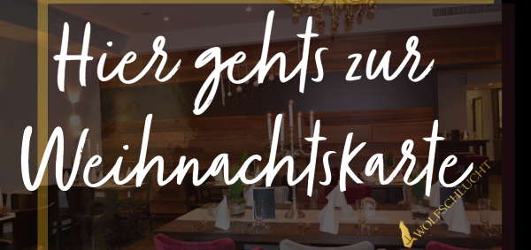 Weihnachten in der Wolfschlucht am 25. & 26.12.2020 I Petersilien Wurzelschaum Suppe oder Winterlicher Blattsalat mit Ziegenfrischkäsetalern II Medaillons vom Schweinefilet in kräftiger gebutterter Wildkräuter Creme Sauce serviert mit Rosmarin Kartoffeln und sautiertem Wurzelgemüse 42 oder …
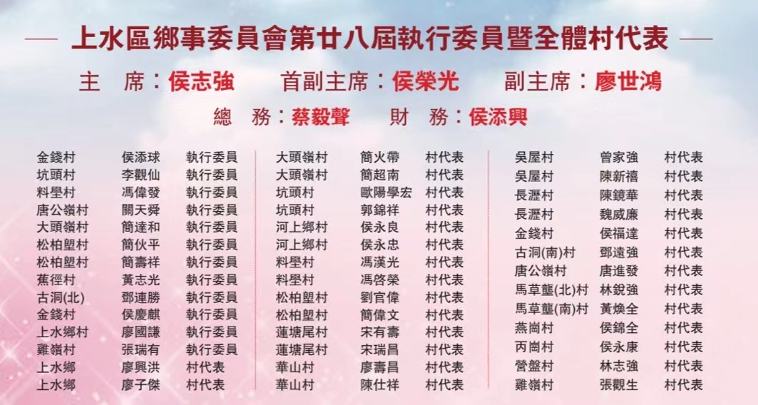 一路风情国际编辑精选 慶祝香港特別行政區回歸祖國26週年暨上水區鄉事委員會就職典禮 由 中華時報總編室 - 2023年6月10日 (中華新聞通訊社/中華時報6月9日訊)慶祝香港特別行政區回歸祖國26週年暨上水區鄉事委員會就職典禮於6月9日在香港百樂金宴國際廳隆重舉行,出席主禮嘉賓有中聯辦新界部負責人、立法議員等。 據悉,上水區鄉事委員會舉行選舉,選出了主席侯志強,首副主席榮光,以及副主席廖世鴻。 據悉,典禮現場熱鬧非凡,會場設有超過百席。這也是上水區鄉事委員會首次離開上水鄉,在百樂宴會廳舉行就職典禮。中華時報媒體集團主席、香港藝術學院院長曾曉輝教授等受邀出席了該活動。
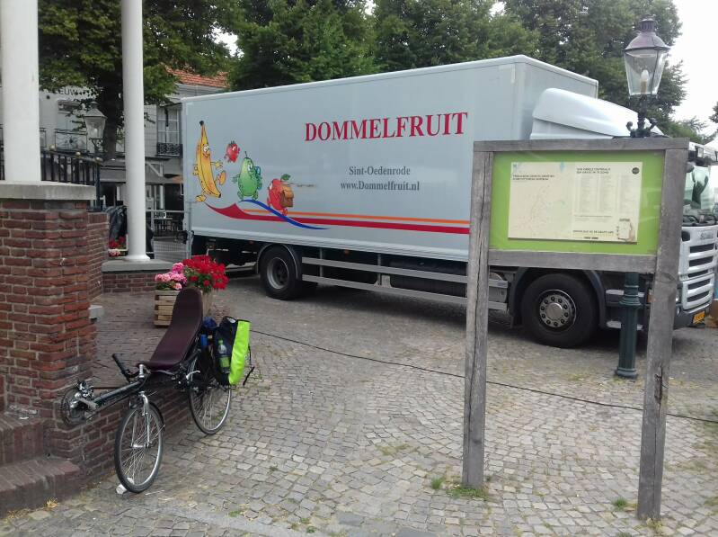 In sint Oedenrode ben ik even op de Brink gaan zitten. Na de treinreis ben ik namelijk gelijk gaan fietsen, en was ik inmiddels wel toe aan wat eten. Terwijl ik daar zo zit, komt er een paar wielrenners van leeftijd uit nieuwsgierigheid naar mijn fiets bij me staan praten. Wat ik ging doen, en of dat wel ging, de afstanden, aardige jongens. Op de markt nog een paar banaantjes gekocht, en verder ging het weer.
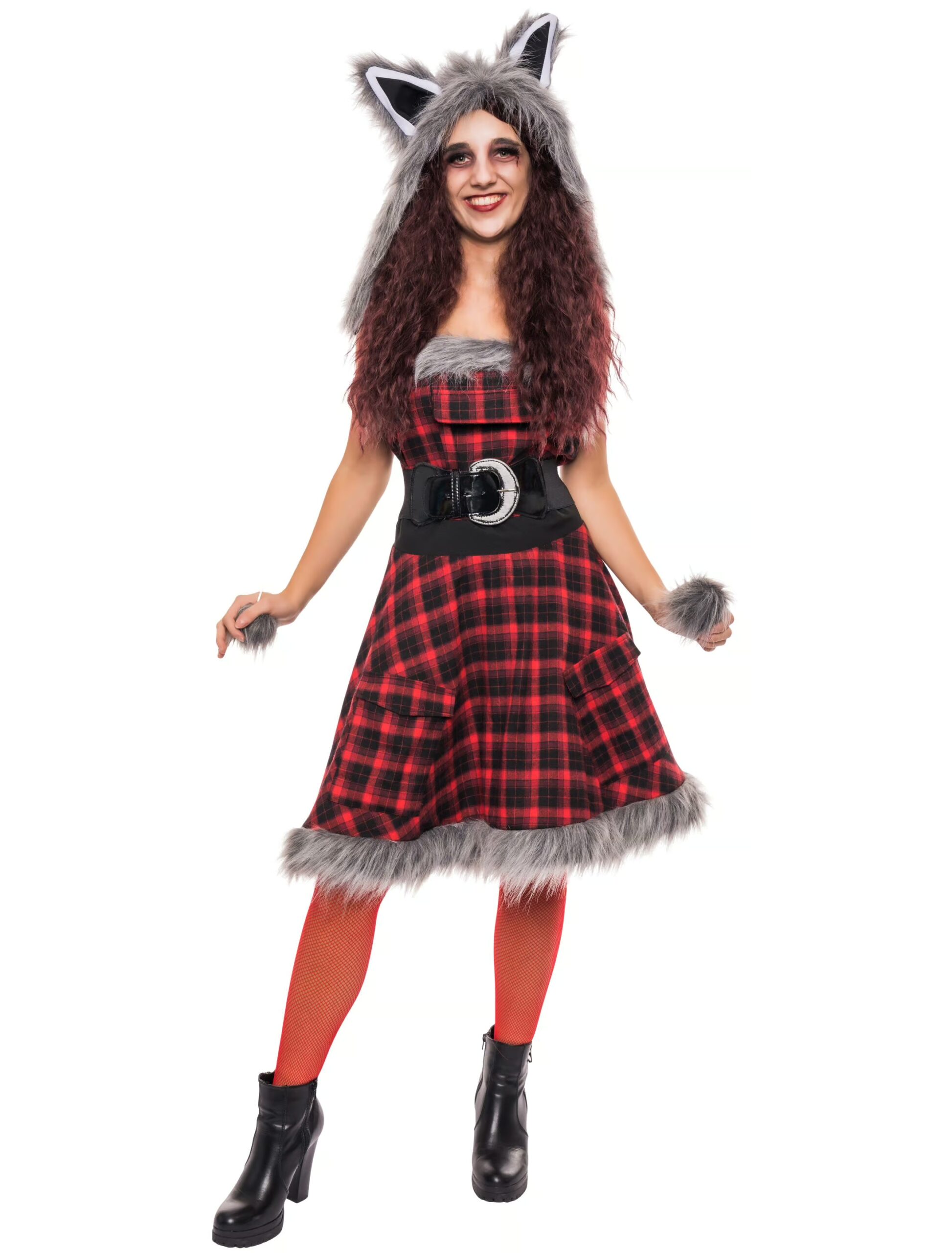 Kleid Wolf mit Kapuze Damen schwarz/rot M
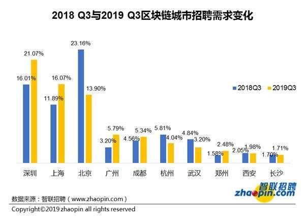 2019年三季度,区块链招聘需求城市分布中,深圳、上海、北京位于第一梯队,招聘人数占比分别达到21.07%、16.07%、13.9%,广州和成都紧随其后,分别占比5.79%、5.34%。其中深圳招聘需求占比较去年同期提高5.06个百分点,赶超北京,位居第一。深圳区块链发展走在前列,2018年8月全国首张区块链电子发票在深圳开出,深圳作为区块链技术最先落地应用的城市,经过一年的发展,其在区块链技术发展方面的领先地位开始凸显。
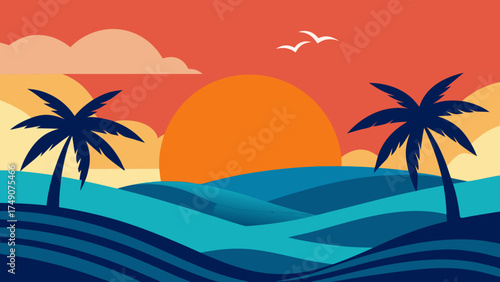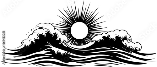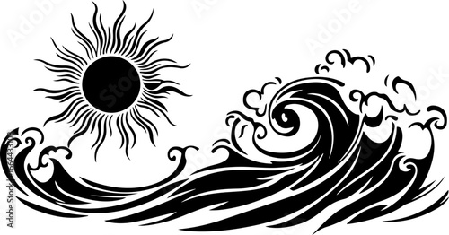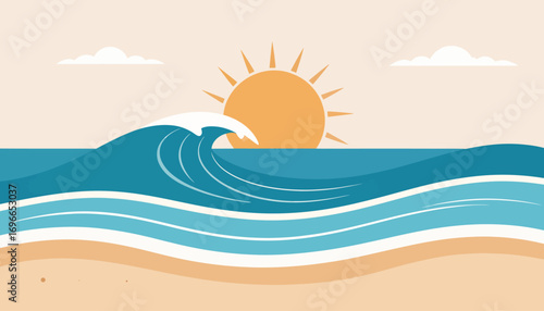 illustration of sun and ocean waves
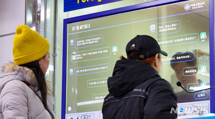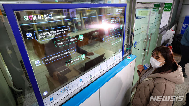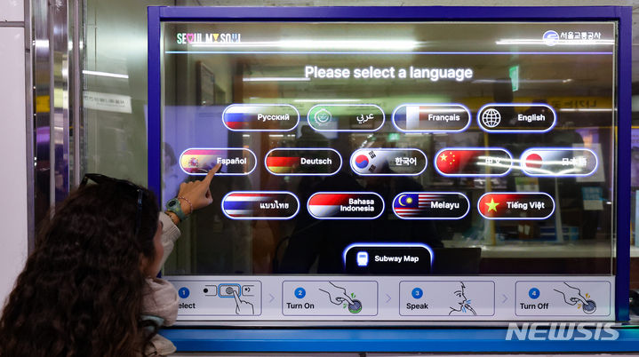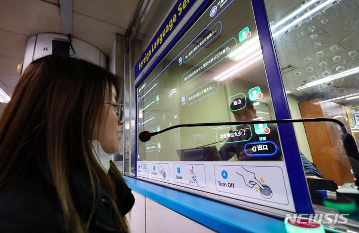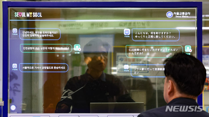 4日午後、ソウル地下鉄4号線明洞駅で「外国語同時対話システム」を利用している外国人観光客の様子。この日から明洞駅で試験運用に入った外国語同時対話システムは、透明OLEDディスプレイを通して外国人と職員が自国語で同時にコミュニケーションできるもので、13か国語に対応している。
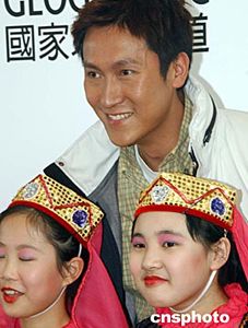 香港艺员马德钟二月十七日出席在香港举行的“马可波罗现代东游记”摄影展开幕式,与表演新疆舞的小朋友一起拍照。作者:钱兴强
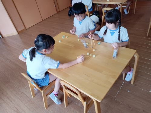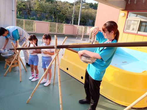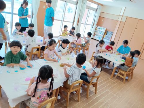 今年のお泊り会では、宝探しゲームや、スライム作り、流しそうめんなどなど楽しいことが盛りだくさんでした。
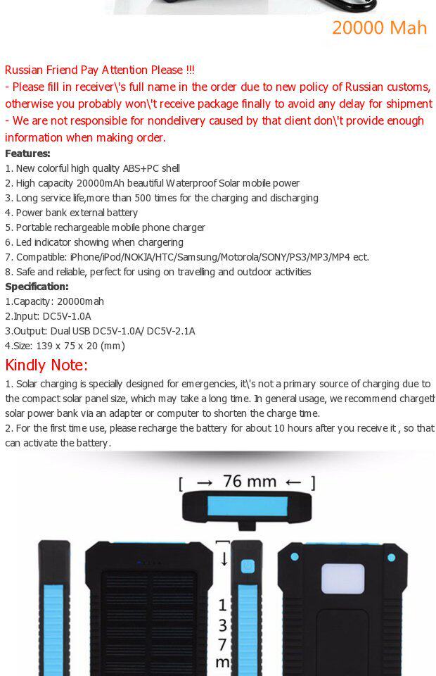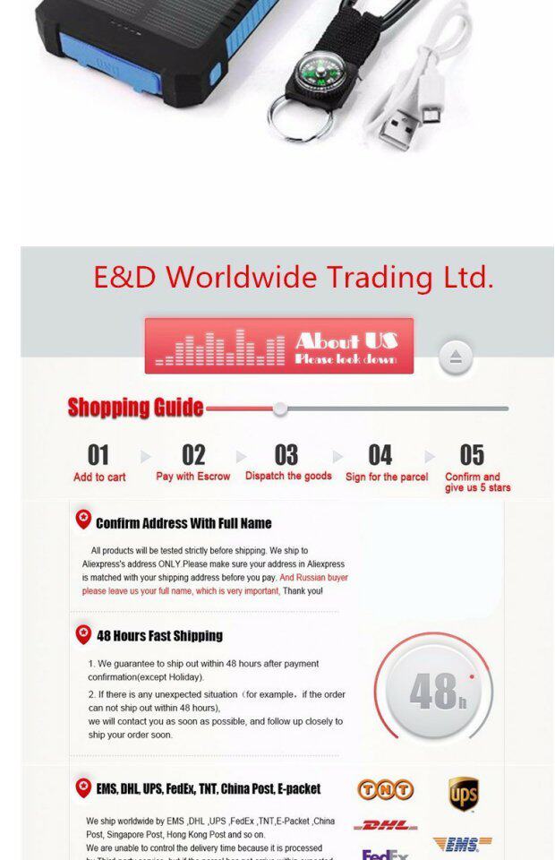 10000 мАч USB водонепроницаемый солнечный банк Shock -Ranse
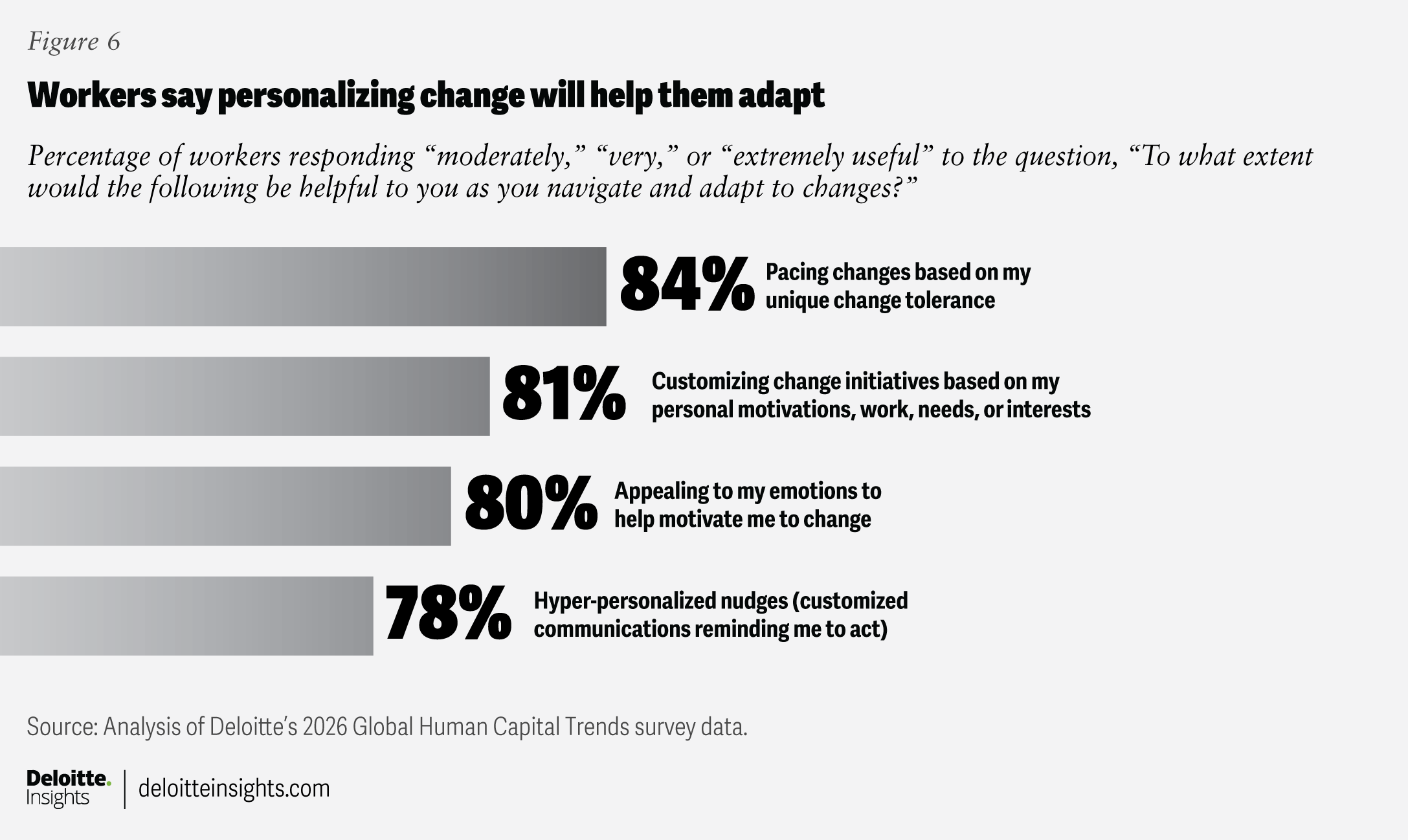 Workers say personalization will help them resolve some of the barriers that get in the way of adapting to change (figure 6). The top challenge cited by leaders and managers in our 2026 survey? Change not seeming directly relevant or personalized to the individual, cited by 44%. Barriers for workers include a lack of understanding of how the change relates to them (30% of respondents) and a lack of personal motivation to address the change (21%). Both of these barriers can be resolved when change is tailored to an individual’s work and motivations.

....................

§ **TASK ITEM**
Produce an exact copy of the lines from the line containing "香港艺员马德钟二月十七日出席" to the end of the material, both ends included, and omit every picture.

§ **WRITTEN ANSWER**
 香港艺员马德钟二月十七日出席在香港举行的“马可波罗现代东游记”摄影展开幕式,与表演新疆舞的小朋友一起拍照。作者:钱兴强
 今年のお泊り会では、宝探しゲームや、スライム作り、流しそうめんなどなど楽しいことが盛りだくさんでした。
 10000 мАч USB водонепроницаемый солнечный банк Shock -Ranse
 Workers say personalization will help them resolve some of the barriers that get in the way of adapting to change (figure 6). The top challenge cited by leaders and managers in our 2026 survey? Change not seeming directly relevant or personalized to the individual, cited by 44%. Barriers for workers include a lack of understanding of how the change relates to them (30% of respondents) and a lack of personal motivation to address the change (21%). Both of these barriers can be resolved when change is tailored to an individual’s work and motivations.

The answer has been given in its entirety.